Onlara yaşama hakkı tanımamış, siviller, kadınlar, çocuklar ve yaşlılar dahil olmak üzere masum bir halk, dehşet verici silahlar ve bombalarla katledilmiştir. Gazze'de bugün, tüm dünya önünde tarihin en büyük zulmü yaşanmaktadır.

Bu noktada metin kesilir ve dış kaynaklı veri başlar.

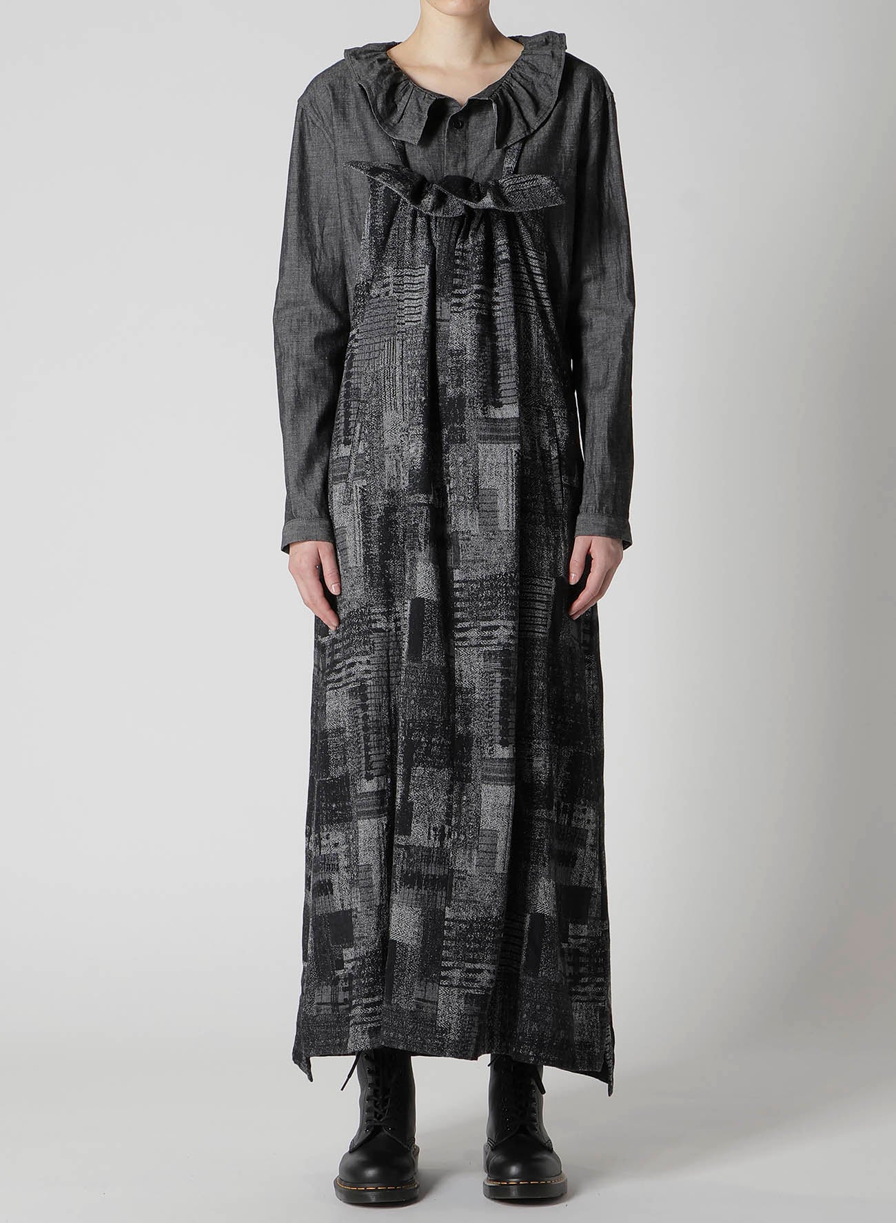 PATCHWORK JACQUARD FRONT GATHER DRESS

Tüm bu baskı ve zulümlere karşı, Müslümanlar için özgürlük mücadelesine direnme dışında başka bir seçenek kalmamıştır.

Aziz Müslümanlar!

Tarih bize göstermektedir ki, zulüm ebedi olamaz ve zulümle âbâd olunamaz. Masumların kanları üzerine kurulu hiçbir hükümranlık uzun süre ayakta kalamaz. وَاللّٰهُ مُتِمُّ نُورِه۪ وَلَوْ كَرِهَ الْكَافِرُونَ “Kâfirler istemeseler de Allah nurunu tamamlayacaktır.” Filistinli kardeşlerimiz, Allah’ın izni ve yardımıyla kendi ülkelerinde özgürce yaşama imkânına mutlaka kavuşacaktır.

Kıymetli Kardeşlerim!

Ümmet-i Muhammed olarak sorumluluğumuz, birlik ve dayanışma içinde hareket etmek, kardeşlik bağlarımızı canlı tutmak ve Filistinli kardeşlerimize maddi ve manevi destek sunmaktır. Onların haklı mücadelesini destekleyerek işgal altındaki topraklarına geri kazandırmak için yoğun gayret sarf etmektir.

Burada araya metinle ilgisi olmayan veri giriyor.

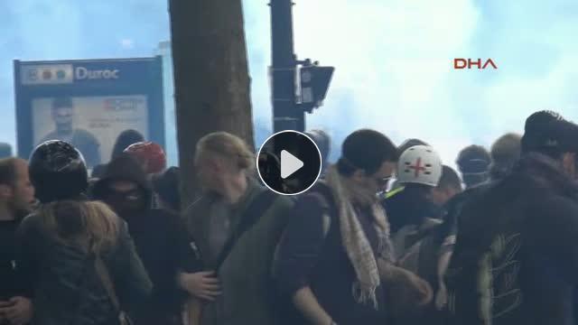 EURO2016 başladı başlayalı olayların ardı arkası kesilmiyor.Bu kez polis, Pariste eylem yapanlara biber gazı ve tazyikli su ile müdahale etti.

Hak ve adalet mücadelemizi sürdürürken İslam'ın belirlediği sınırlara saygı göstermek esastır. Yanıltıcı bilgilere ve yanlış bilgilere itibar etmemek, her alanda güçlenmek ve dünya genelinde adalet ve merhametin teminatı olan bir medeniyeti inşa etmek için elbirliğiyle çalışmaktır.

Değerli Müslümanlar!

Bu mübarek Cuma gününün bu anında, yürekten dua edelim Rabbimize: Allah'ım! Dünya genelinde topluca katledilen mağdur ve mazlum Filistinli kardeşlerimize yardım et! Zulme uğrayan tüm mazlumlar için yardım elini uzat! Vatanımızı, milletimizi ve tüm insanlığı kötülüklerden koru! Ümmet-i Muhammed'e birlik, beraberlik, sağduyu ve anlayış bahşet! Amin.